Indian stock markets continued to flounder in the red on the back of profit booking in heavy weights over the last two hours of trade. Stocks from the FMCG and capital goods space are the biggest losers while stocks from the realty and IT space have lost the least.
The BSE-Sensex is down by 212 points while NSE-Nifty is trading 66 points below the dotted line. BSE Midcap index is trading down by 0.4% while BSE Small cap index is trading 0.5% below yesterday's closing. The rupee is trading at 44.58 to the US dollar.
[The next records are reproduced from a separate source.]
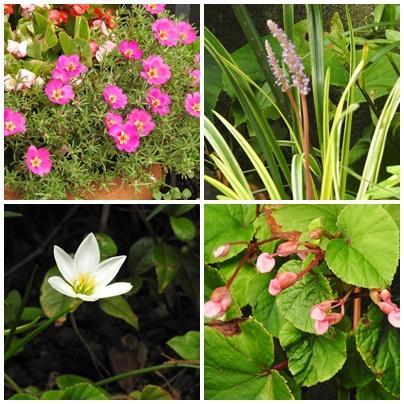 庭の爪切り草、ヤブラン、玉簾、秋海棠などの
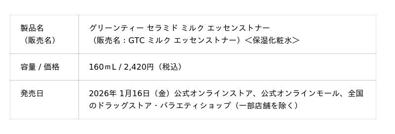 アモーレパシフィックジャパン株式会社(本社:東京都渋谷区)が展開する、自然主義アクティブスキンケアブランド [INNISFREE | イニスフリー] は、“とろみがありながら、角質層まで潤いが素早く浸透する”と口コミを中心に高い評価を得ている化粧水『グリーンティー セラミド ミルク エッセンストナー』を、2026年1月16日(金)より順次全国発売いたします。
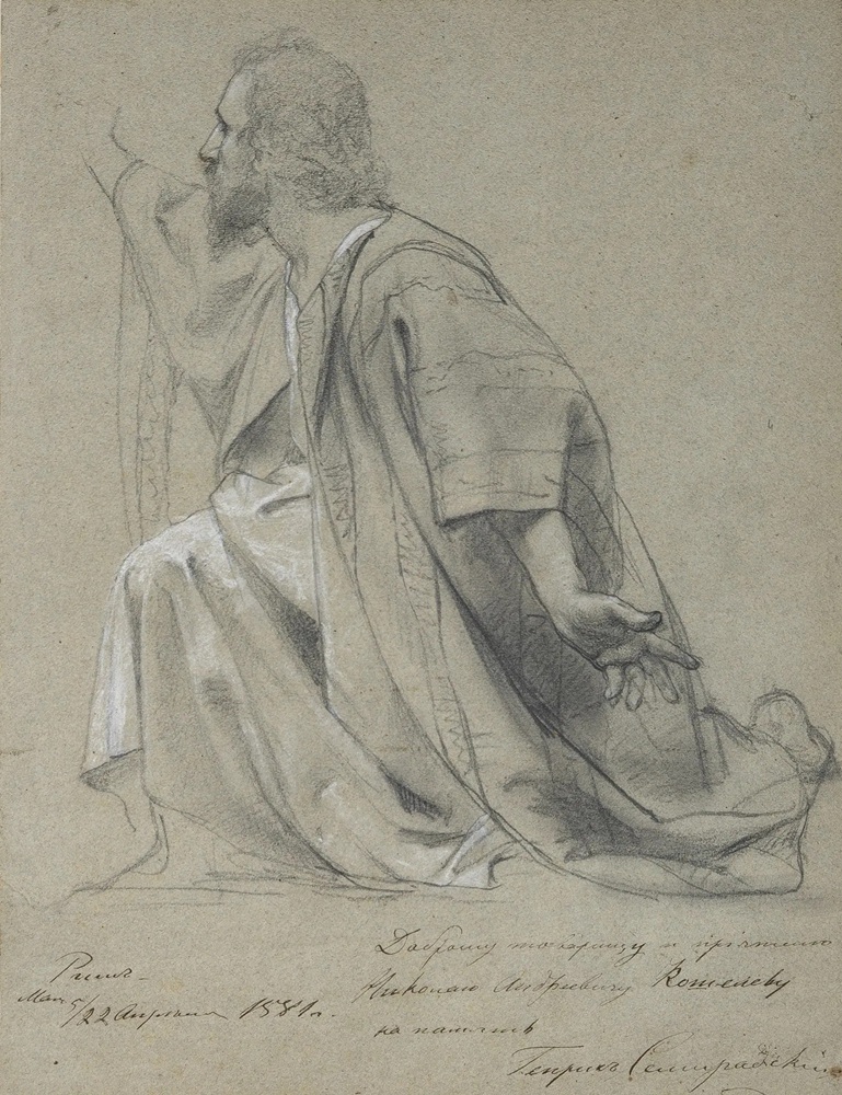 Lot 5. Hendrik Siemiradzki Polish/Russian, 1843-1902. Kneeling Figure, 1881. Signed, dated and inscribed in Cyrillic Paris, 22 April 1881 Dear friend and teacher, Nikolai Andreyevich Koshelev, in memory. Pencil heightened with white chalk on paper; 15 1/2 x 12 inches (39.4 x 30.5 cm). Estimate $800 – 1,200. Doyle. 04/21/26
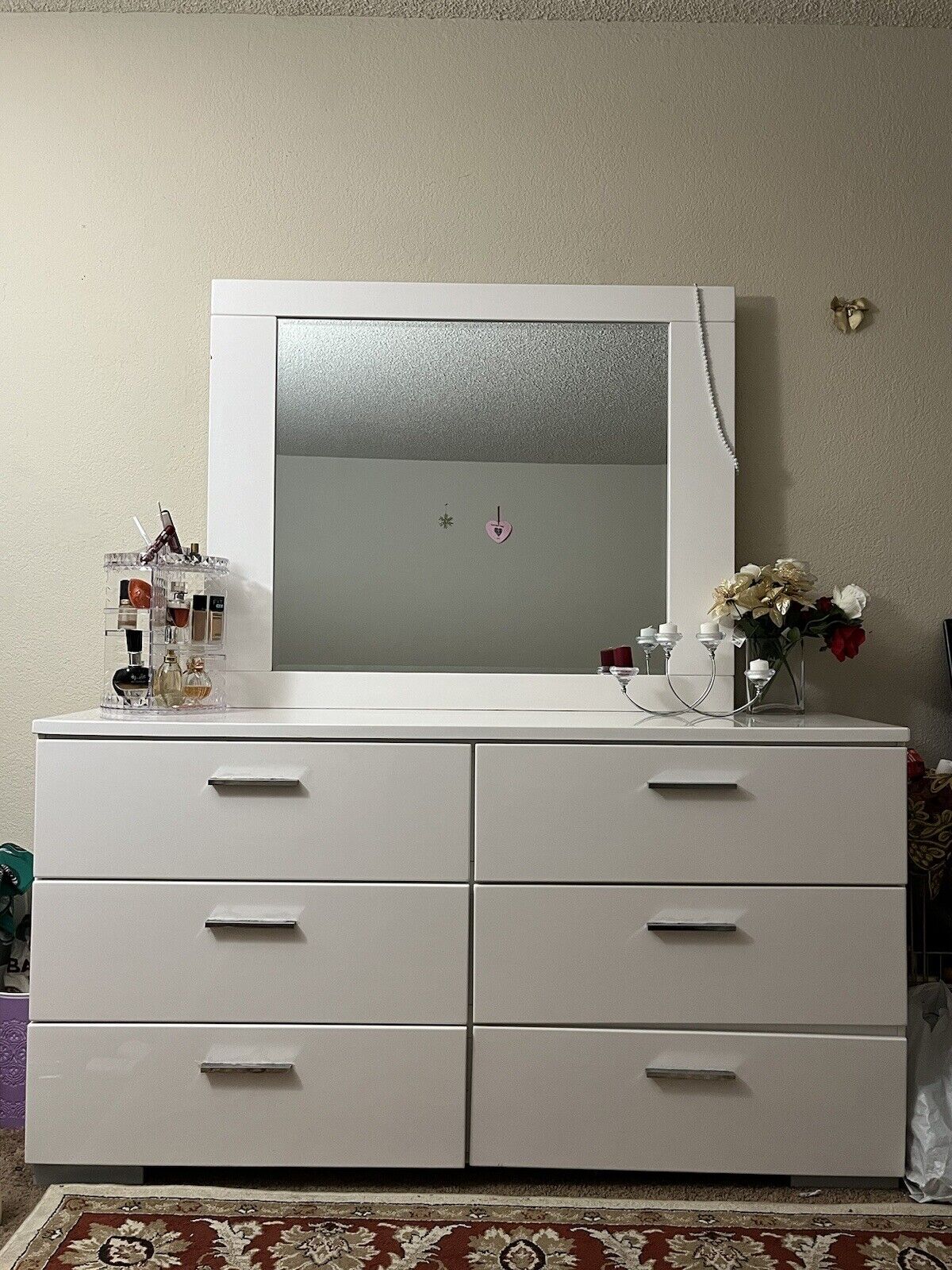 white vanity dresser with mirror
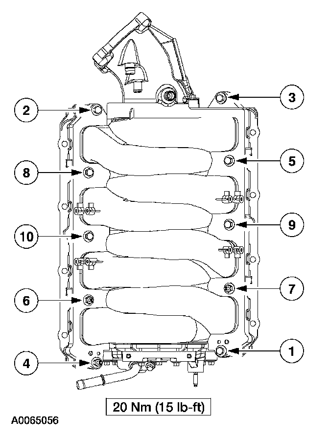 Tighten bolts 1 through 10 to 20 Nm (15 ft. lbs.).
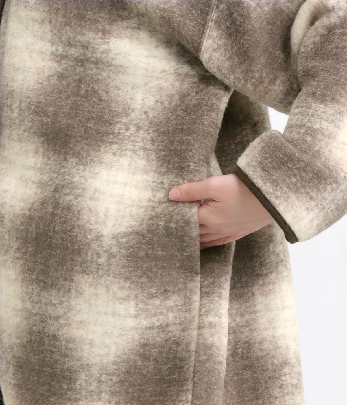 あたたかみのあるチェックの総柄をノーカラーとパイピングですっきりとまとめたカーディガン。個性を放ちつつスタイリングにすっとなじみ幅広いコーディネートを楽しめます。ゆったりシルエットでインナーを選ばないのも◎。
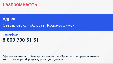 Газпромнефть по адресу Свердловская область, Красноуфимск, в дальнейшем Организация, размещена в следующих категориях:
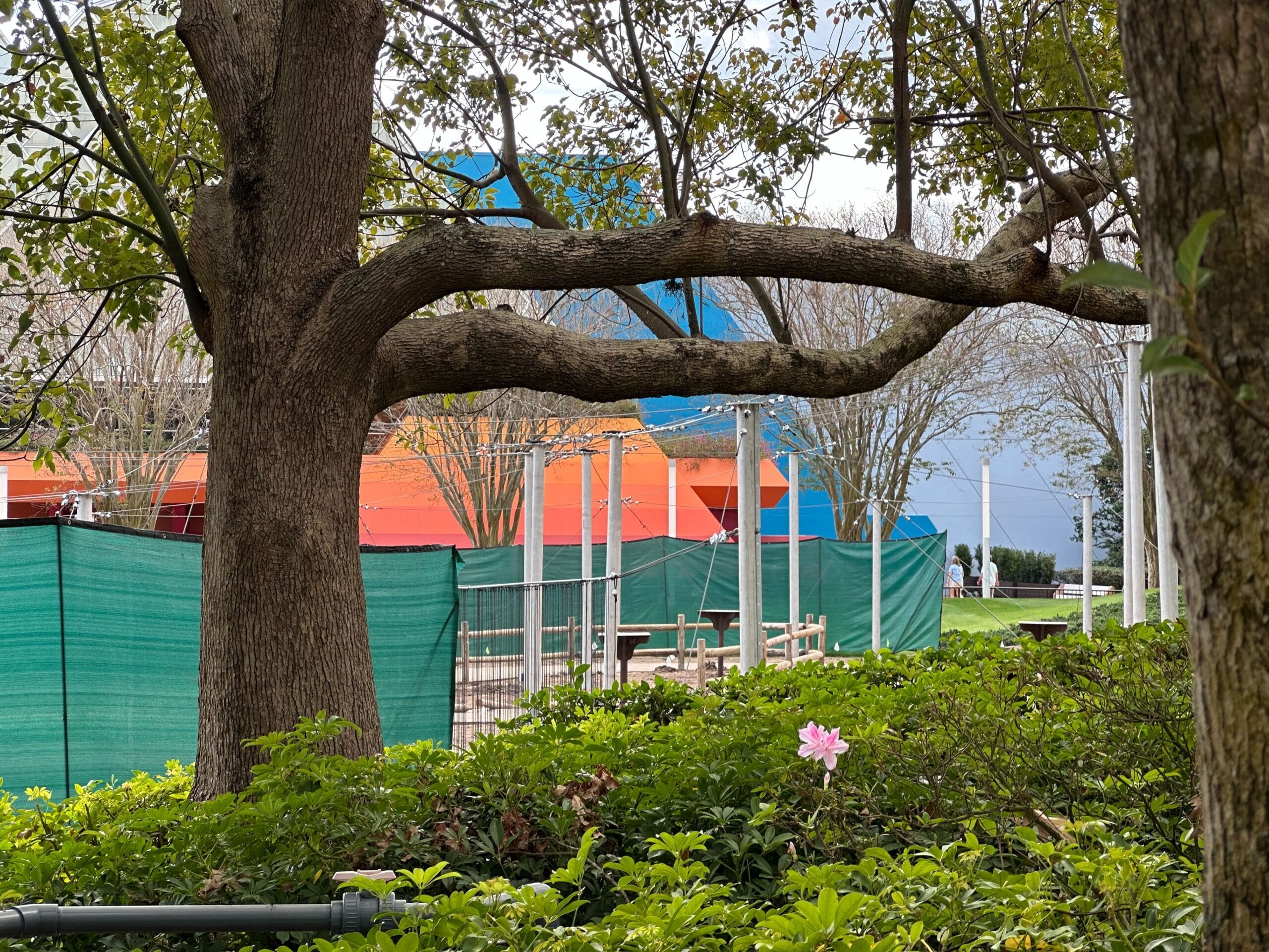 Disney announced that the playground under construction behind the Expression Section will be the Playalong Bay Play Garden presented by Smucker’s Uncrustables, inspired by Stormalong Bay pool at Disney’s Yacht Club Resort. The temporary playground features a “Cozy Dome,” and slanted sets of posts that look like ship masts.
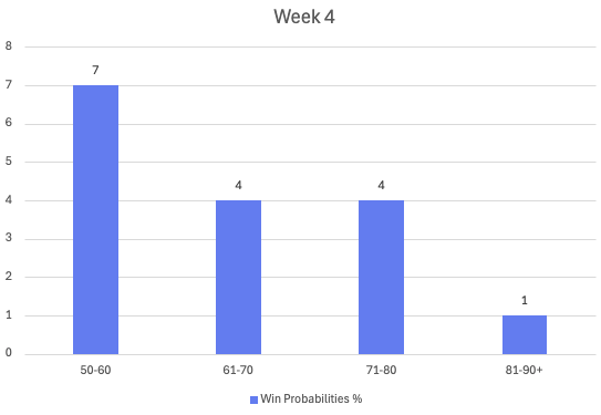 There we have it, Week 4 we have another 7 Games with win probabilities between 50-60%, what does that mean? Tread lightly with those games, look at the value of the underdogs given the probabilities game by game.
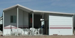 built off the front of a mobile home. Under the awning a

Auto stocks are trading in the red with M&M and Maruti Suzuki leading the losses. As per a leading financial daily, Mahindra & Mahindra is planning to set up production facilities in Africa. The company wants to establish plants in Tunisia, Morocco, South Africa, Kenya, Ethiopia and Zambia. It may be noted that Mahindra already has plants in Gambia, Tchad, Mali, Ghana and Nigeria. In fact, the tractor company is present in 24 out of the 53 countries of the continent. It gets 15% of its exports from Africa and aims to double it in a year's time.
The company management stated that the company is following a bottom of the pyramid strategy in the opportunistic market of Africa. The demand they feel will arise out of the growing disposable incomes of the people residing there. The company will be focusing on three-wheelers, light commercial vehicles and utility vehicle Bolero for this market. It is also in the process of appointing a country manager along with a team of 7-8 people to handle this expansion plan.